🤖 AI Summary
Existing theoretical analyses of diffusion generative models are fragmented and suffer from inconsistent notation, hindering unified understanding and principled development.
Method: This work establishes a rigorous, unified mathematical framework grounded in fundamental properties of Gaussian distributions. It systematically derives the closed-form marginal distribution of the forward noising process, the analytical form of the reverse posterior, and the variational lower bound, ultimately yielding an optimization objective equivalent to noise prediction.
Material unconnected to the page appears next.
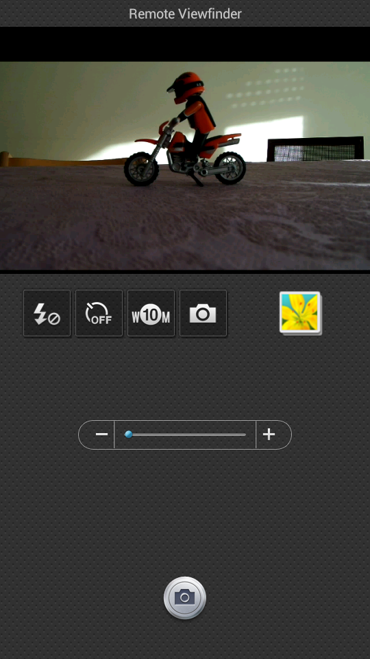 También hemos probado la aplicación de control remoto y nos ha sorprendido de nuevo agradablemente su rapidez de instalación y configuración. Primero descargamos la aplicación Samsung Smart Camera App de Google Play y luego seleccionamos la opción de conexión en la cámara. El teléfono la detectará y procedemos a conectar. El funcionamiento presenta un cierto retardo pero en la práctica es usable.

Contribution/Results: The framework reveals the intrinsic equivalence between DDIM and rectified flow; provides a unified probabilistic interpretation of classifier-guided and classifier-free guidance; and integrates SDE/ODE formulations, the Fokker–Planck equation, flow matching, and multi-scale modeling—ensuring both theoretical coherence and practical implementability. Validated on mainstream models including Stable Diffusion, the framework enables efficient sampling and precise modeling while unifying disparate theoretical perspectives.
📝 Abstract
We present a concise, self-contained derivation of diffusion-based generative models. Starting from basic properties of Gaussian distributions (densities, quadratic expectations, re-parameterisation, products, and KL divergences), we construct denoising diffusion probabilistic models from first principles. This includes the forward noising process, its closed-form marginals, the exact discrete reverse posterior, and the related variational bound. This bound simplifies to the standard noise-prediction goal used in practice. We then discuss likelihood estimation and accelerated sampling, covering DDIM, adversarially learned reverse dynamics (DDGAN), and multi-scale variants such as nested and latent diffusion, with Stable Diffusion as a canonical example. A continuous-time formulation follows, in which we derive the probability-flow ODE from the diffusion SDE via the continuity and Fokker-Planck equations, introduce flow matching, and show how rectified flows recover DDIM up to a time re-parameterisation. Finally, we treat guided diffusion, interpreting classifier guidance as a posterior score correction and classifier-free guidance as a principled interpolation between conditional and unconditional scores. Throughout, the focus is on transparent algebra, explicit intermediate steps, and consistent notation, so that readers can both follow the theory and implement the corresponding algorithms in practice.